This month I ask the Muses and myself (and you, if you’re listening and want to play along) to give a shout out to and for a few poets craving a wave. They may be your favorite go-to poets for lonely days and nights. It could be they wrote a few poems that you keep picking up for a pick-me-up. Or as with me, maybe one or two of your poets this month are new-ish to you, a welcome breath of spring. Whoever floats your lyrical boat, for National Poetry Month let’s give it up for all poets everywhere and from all time striving to leave a line that will be remembered.
To kick it off, I offer you these four poets as worthy of the Muses:
- Kobayashi Issa (1763-1828) was one of the four great haiku poets of Japan and, for me, the most accessible. When I started diving into the world of haiku on Twitter several years ago, I not only found some fabulous poets writing today, but was introduced to the masters of days long past.
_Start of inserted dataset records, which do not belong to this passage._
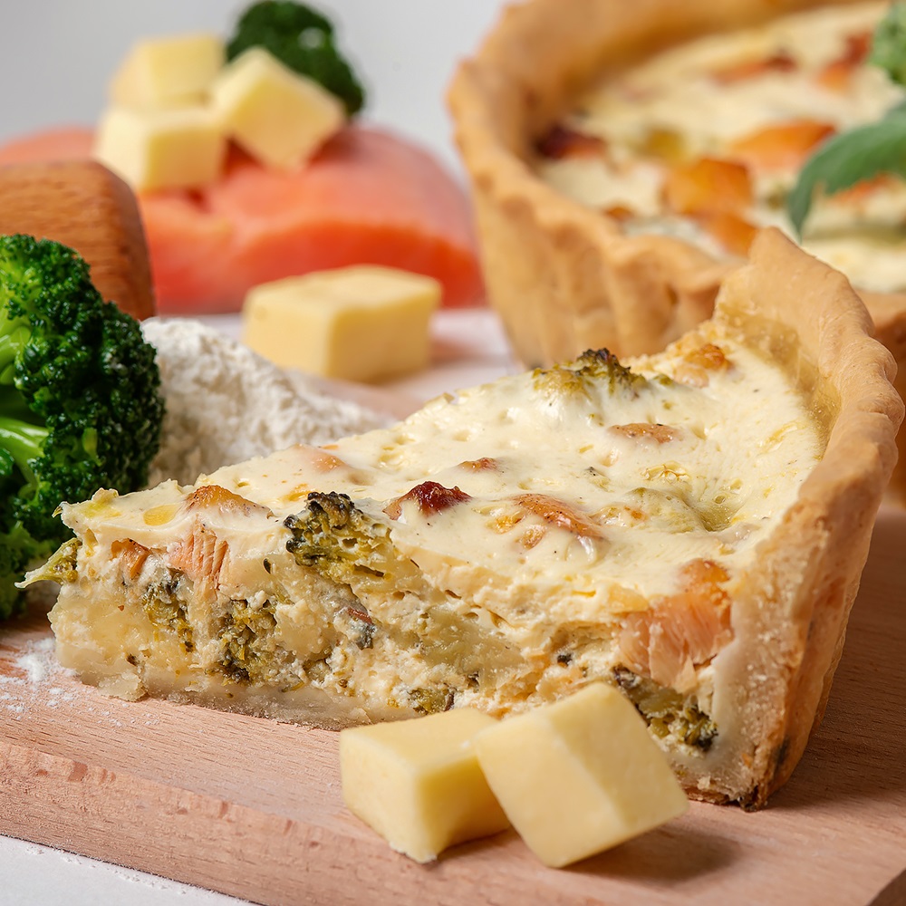 Кіш з лососем, броколі та фермерським сулугуні
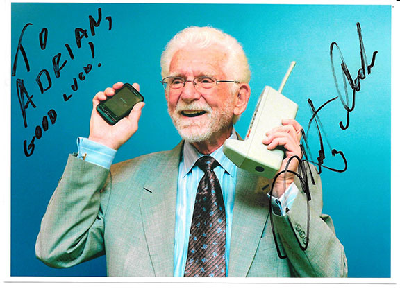 COOPER, Dr. Martin (1928- ) Inventor. While working at Motorola in the 1970’s he invented the handheld mobile phone. He is known as the “Father of the Cell Phone.” Choice color photograph of Cooper, measuring 5”x7” , half length pose of Cooper holding up his first cell phone and a newer model of the cell phone. Inscribed and signed: “To Adrian, Good luck, Martin Cooper.” In very fine condition and not a common autograph...........................$95.00
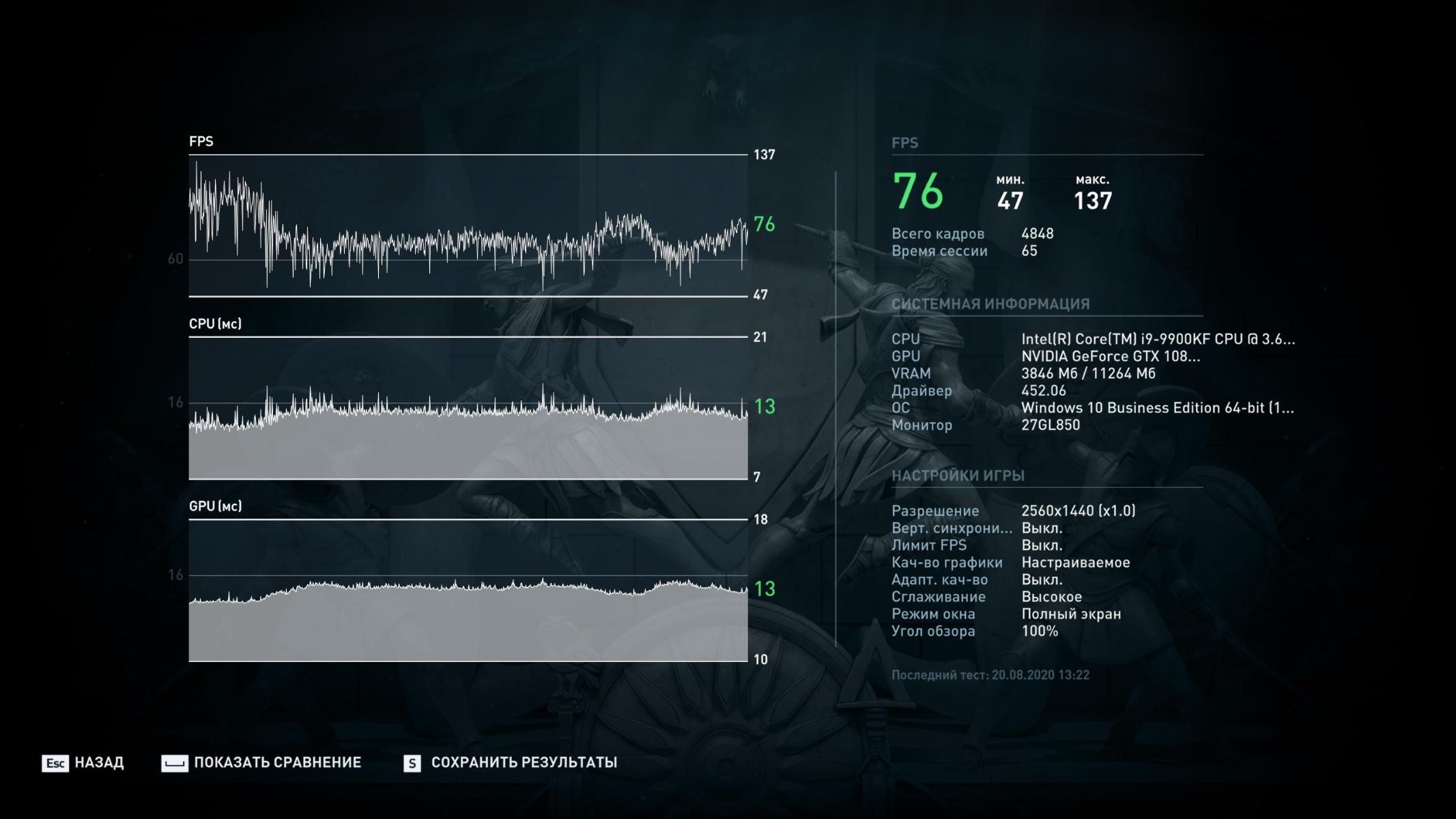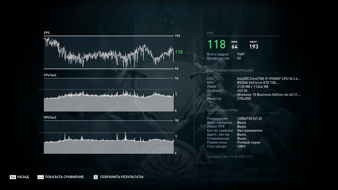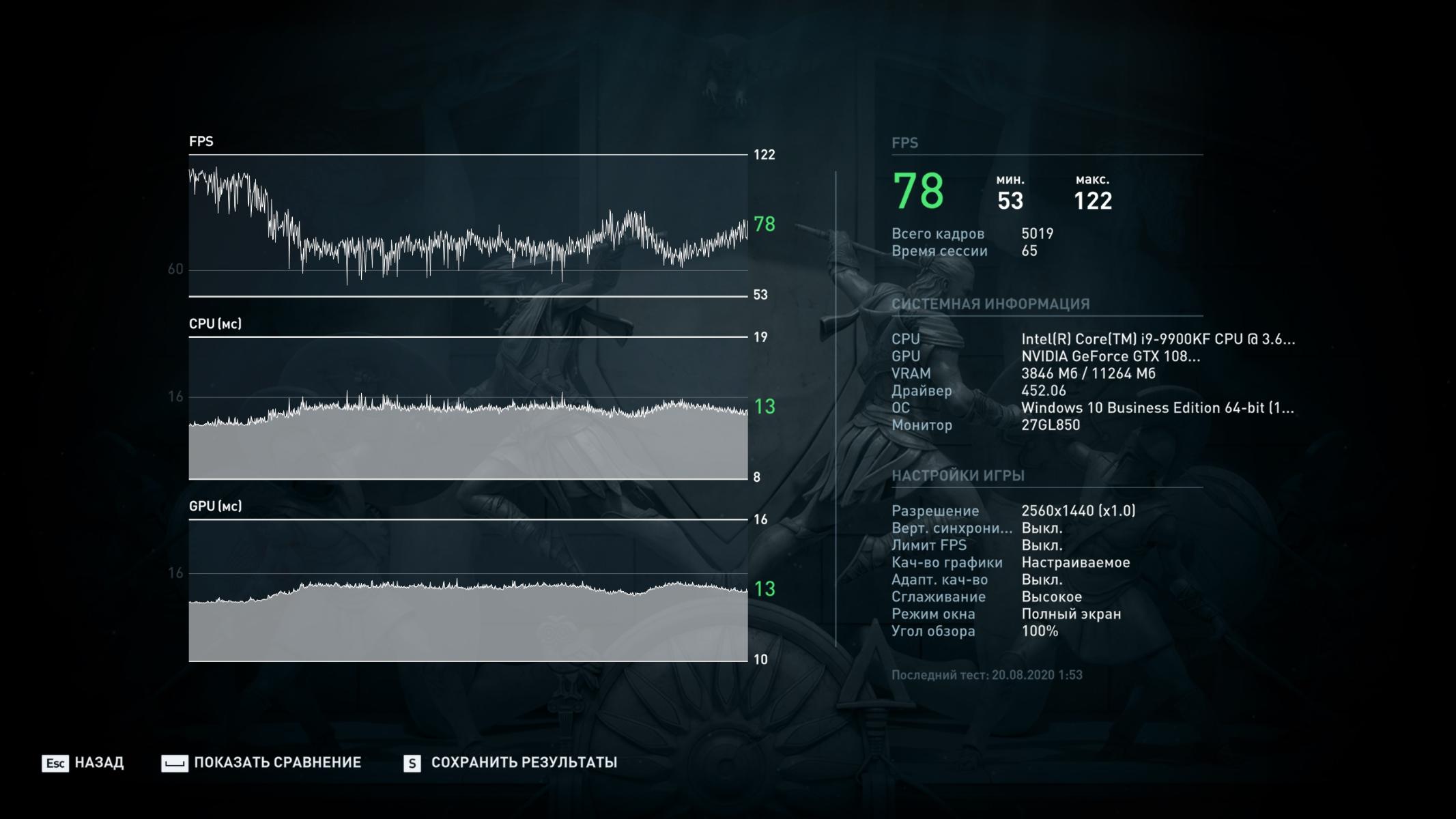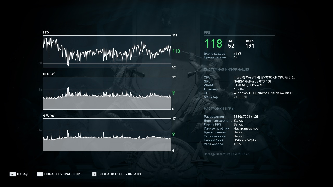 По просьбам читателей провел еще тестирование в реальном режиме в 2К с максимальными настройками и вот, что получилось:

Issa remains my favorite of the ancients for his quirky humor, sense of humanity, and down to earth style.
- Rainer Maria Rilke (1875 – 1926) is my life poet the way some people have a “life verse.” I’m partial to the translation by Robert Bly, since I am not fluent in German, the original language of most of his poems. Maybe this post will explain my connection to Rilke more than anything else I could write here.
Marge Piercy has written several poems that make me feel as if the top of my head were taken off (thanks, Emily Dickinson, for that image). She’s also written a few poems that make me bang my head on the desk and wonder if we’re from different planets. She challenges me. I like that. And I really really like this poem, which I have shared with many people over the past few years.
- Sarah McKinstry-Brown is new to me, that welcome breath of spring I mentioned earlier. Her chapbook “When You Are Born” has been sitting on my night stand for a while, but I only recently picked it up and started skimming through. And then that thing at the top of my head happened, so I had to Google her and find out who the heck this person was that could write things like this.
Now your turn… Which poets (or poems) blow the top of your head straight off?